• [Exercise]: Although the records include pictures, the copy should not; write out exactly the lines from the first through the line with "Para Xiaomi 14".

• [The records]:
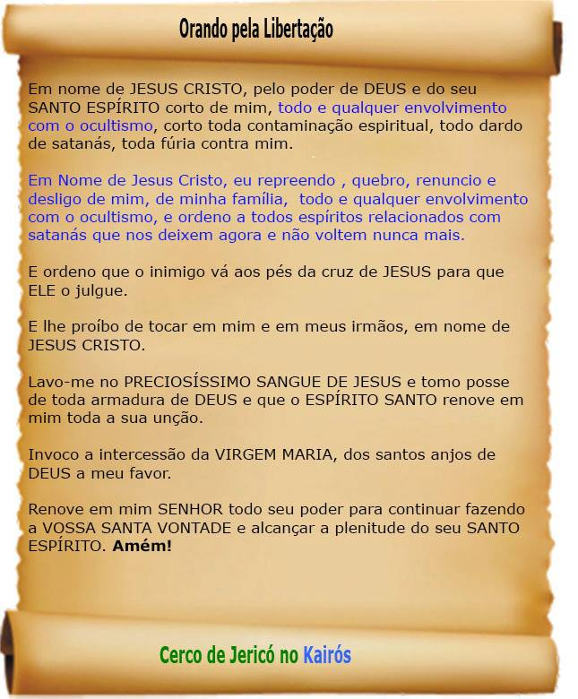 Eu renuncio em nome de Jesus † (sinal da cruz), a todo e qualquer ato praticado no ocultismo.
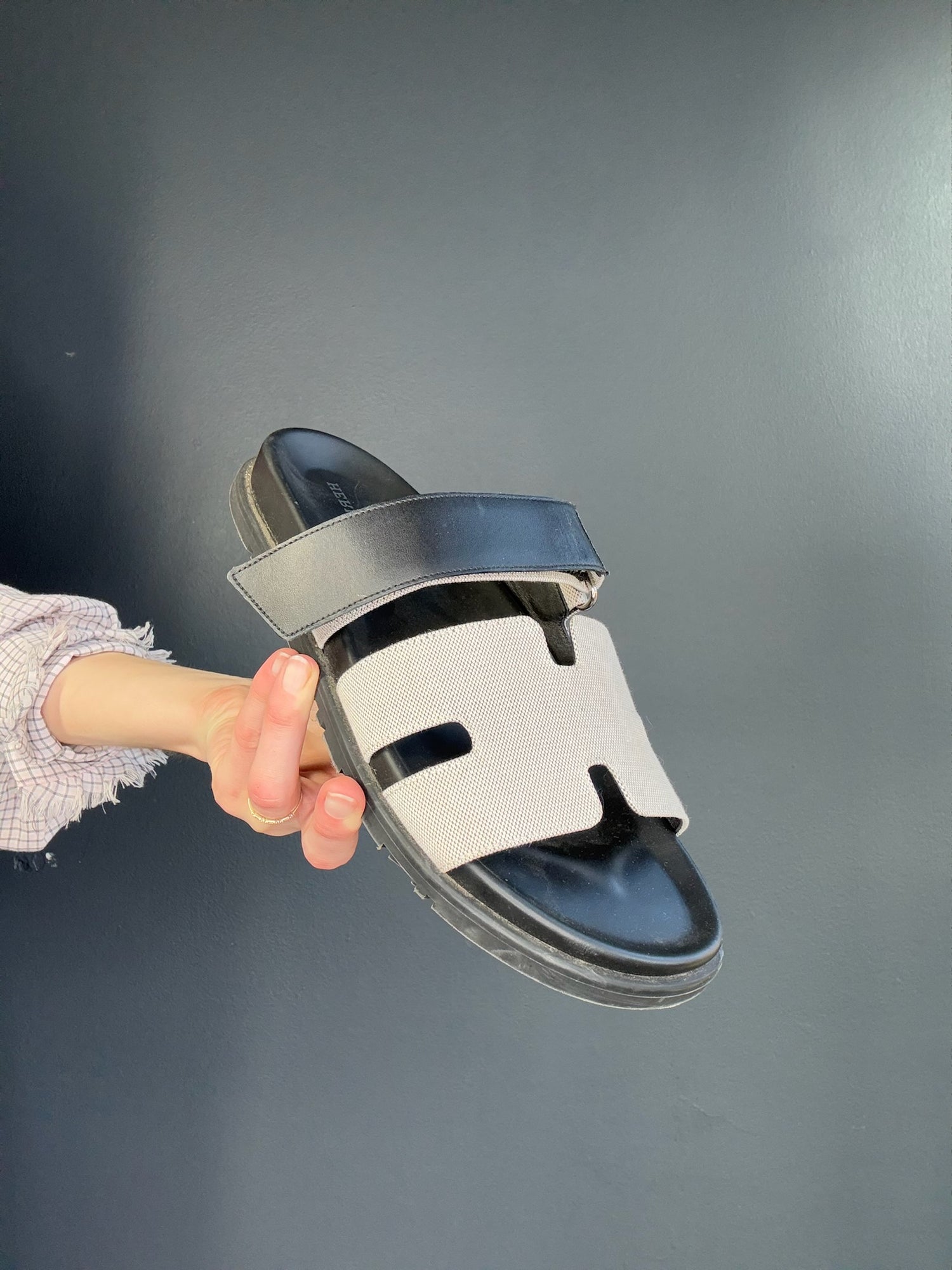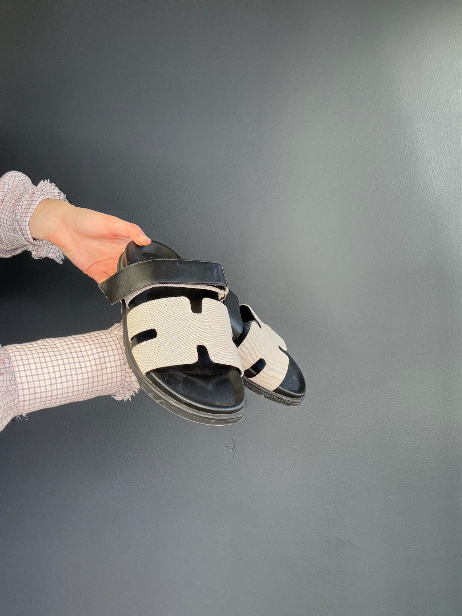 Hermes Chypre beige and black sandals. Adjustable velcro strap. Designer size 41.
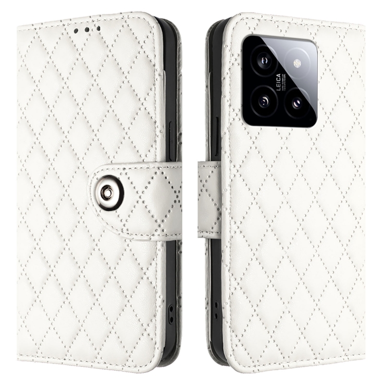 Para Xiaomi 14 Funda De Teléfono De Cuero Con Tapa Con Textura Rómbica Y Cordón (Blanco)
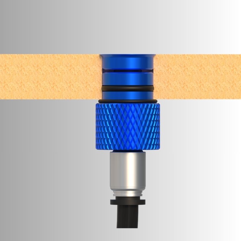 Turn your TRACKTOP MFT™ into a vacuum table. Introducing the all new VACUDOG™. An innovative "Patent Pending" bench dog, designed so you can easily add vacuum clamping to your TRACKTOP MFT™. The VACUDOG™ fits in any 3/4" (19mm) thick top with chamfered 20mm bench dog holes. This includes our TRACKTOP MFT™ and many other MFT tops and Workbenches. No holes .. no problem. Just drill a 20mm hole in your workbench and chamfer the top edge. Please watch the video before ordering.
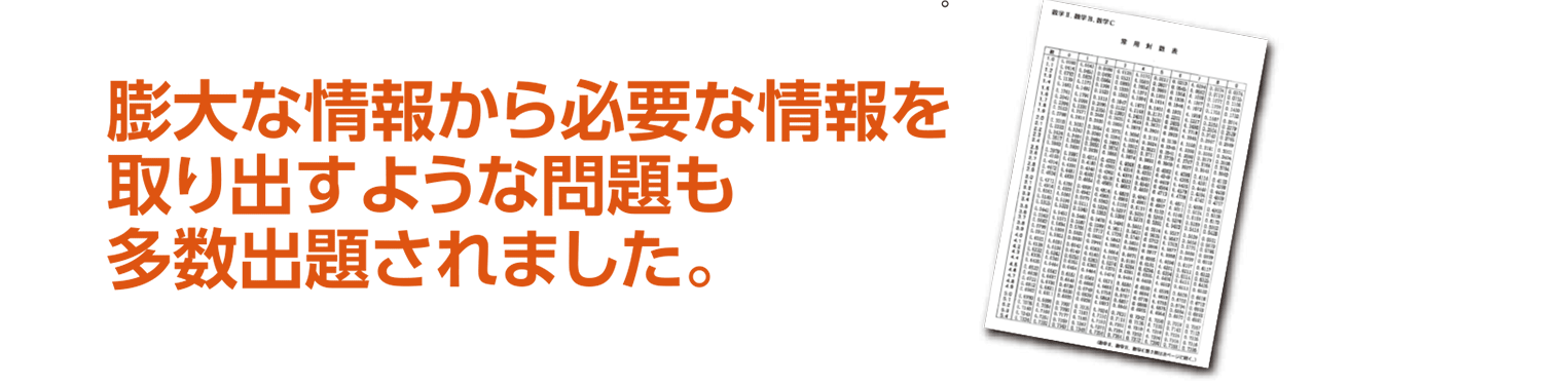 対数関数のテキストで掲載した常用対数表が2ページにわたり掲載されました。同じ数学ⅡBCの共通テストで、正規分布表が掲載されるなど、表だけで丸々3ページが使われました。数学を本質的に理解し、問題から誘導や背景などを読み取る力が試されることになりました。
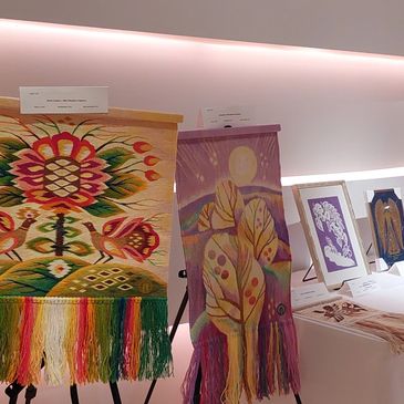 We presented beautiful samples of Petrykivka Painting by Oksana Dovban (wooden plates and gouaches), some spring inspired wool tapestry by Olha Piluihina, fruity oil pastels by Olha Omelchyshyna, and jewelry made in ancient technology of hot enamel on copper by Tetyana and Serhiy Kolechko.
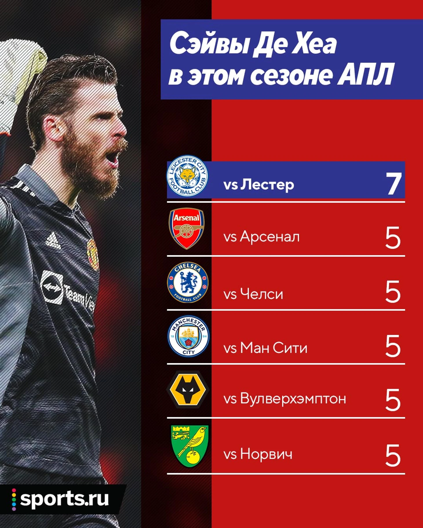 Де Хеа едва ли ворвется в гонку за «Золотую перчатку» АПЛ (там идет битва между Алиссоном, Эдерсоном и Менди), но точно будет одним из лучших в этом сезоне по количеству отраженных ударов – сейчас у Де Хеа 53 сэйва в этом сезоне АПЛ, у лидирующих Крула и Сара – 54.
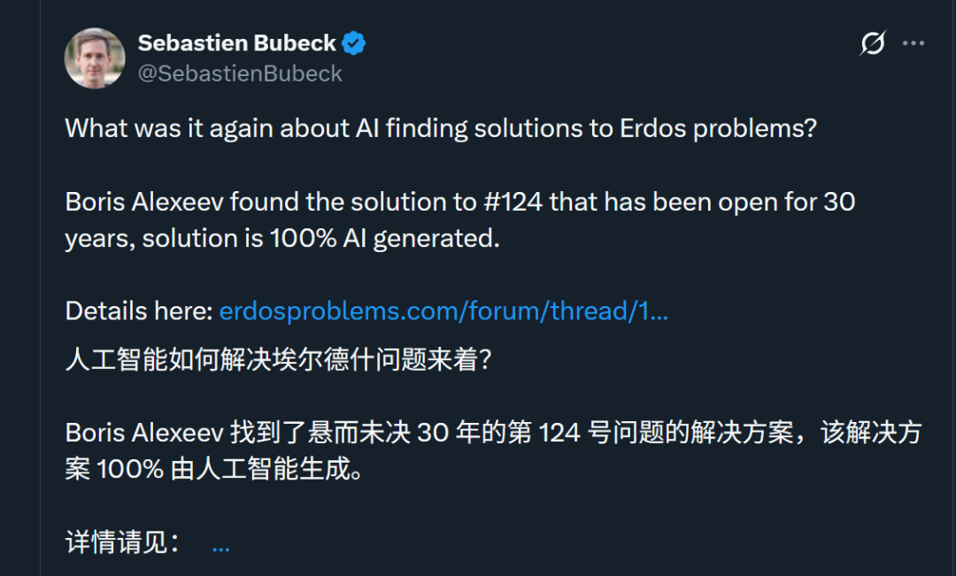 微软前AI副总裁、目前在OpenAI研究AGI的Sebastien Bubeck激动分享了这一消息,并表示:
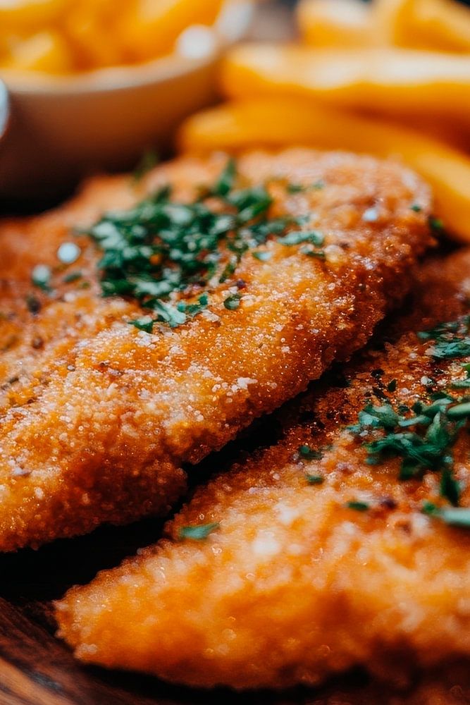 Ein verlockendes Gericht, das die appetitanregende Kombination aus knusprigem Fisch und goldenen Pommes präsentiert. Die frische Kräuternote darauf verleiht dem Teller eine besondere Eleganz. Perfekt für die Küche oder das Esszimmer, wo es Genuss und Geselligkeit fördert – ein wahrer Blickfang, der zum gemeinsamen Schlemmen einlädt.
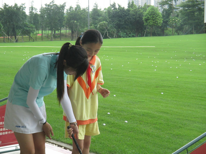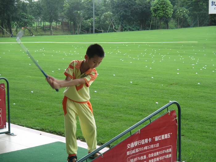 一路上,虽然太阳很猛烈,但丝毫阻挡不了我们喜悦的心情,我们踏着欢快的步伐,走了20多分钟就到了。走进漂亮的高尔夫球场,高尔夫教练热情地接待了我们。
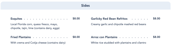 Esquites, fried plantains, garlicky red bean refritos, and arroz con plantains are available as sides.

• [Finished task]:
 Eu renuncio em nome de Jesus † (sinal da cruz), a todo e qualquer ato praticado no ocultismo.
 Hermes Chypre beige and black sandals. Adjustable velcro strap. Designer size 41.
 Para Xiaomi 14 Funda De Teléfono De Cuero Con Tapa Con Textura Rómbica Y Cordón (Blanco)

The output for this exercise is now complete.